8 | Auswertung von Meilensteinen
Credit/Quelle: RiskConsult GmbH
Die rote Kurve ergibt sich, wenn man identifizierte Risiken (IR) mit Terminauswirkung hinzufügt. Der Vergleich mit dem Zieldatum (im Beispiel 01.09.2024) ergibt eine Terminplansicherheit von ca. 65 % (P65). Das Zieldatum kann zum derzeitigen Stichtag mit einer Wahrscheinlichkeit von 65 % gehalten werden. Mit einer Wahrscheinlichkeit von 35 % wird es überschritten. Um nach derzeitigem Stand eine 80-prozentige Sicherheit (P80) des Zieldatums zu erreichen, sollte der 21.11.2024 als Zieldatum ins Auge gefasst werden.
7 Ausblick
Der zweite Teil der Artikelserie „Risikomanagement bei Großprojekten im Tunnelbau“ baut auf die im ersten Teil beschriebenen Grundlagen auf und erläutert den Aufbau eines digitalen Projektzwillings für die Kosten- und Bauzeitanalyse am Beispiel eines Großprojekts im Tunnelbau.

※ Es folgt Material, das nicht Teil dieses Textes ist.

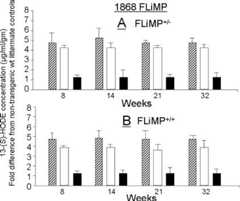 ), ventral (□), and anterior (■) prostate lobes, each from three transgenic C57BL/6, FLiMP+/- (A), and FLiMP+/+ (B) mice at 8, 14, 21, and 32 weeks of age, were compared to age-matched nontransgenic C57BL/6 littermate wt control proteins that were similarly extracted and pooled.

Mit dem Forschungsprojekt DigiPeC an der Universität der Bundeswehr München sollen anreizbasierte Verträge ein
kooperierendes Arbeiten zwischen Bauherren und Bauunternehmen fördern. Ein zentrales Element für den Erfolg ist dabei das Risikomanagement, dessen Implementierung und Anwendung in den nächsten beiden Teilen dieser Artikelserie näher beschrieben wird.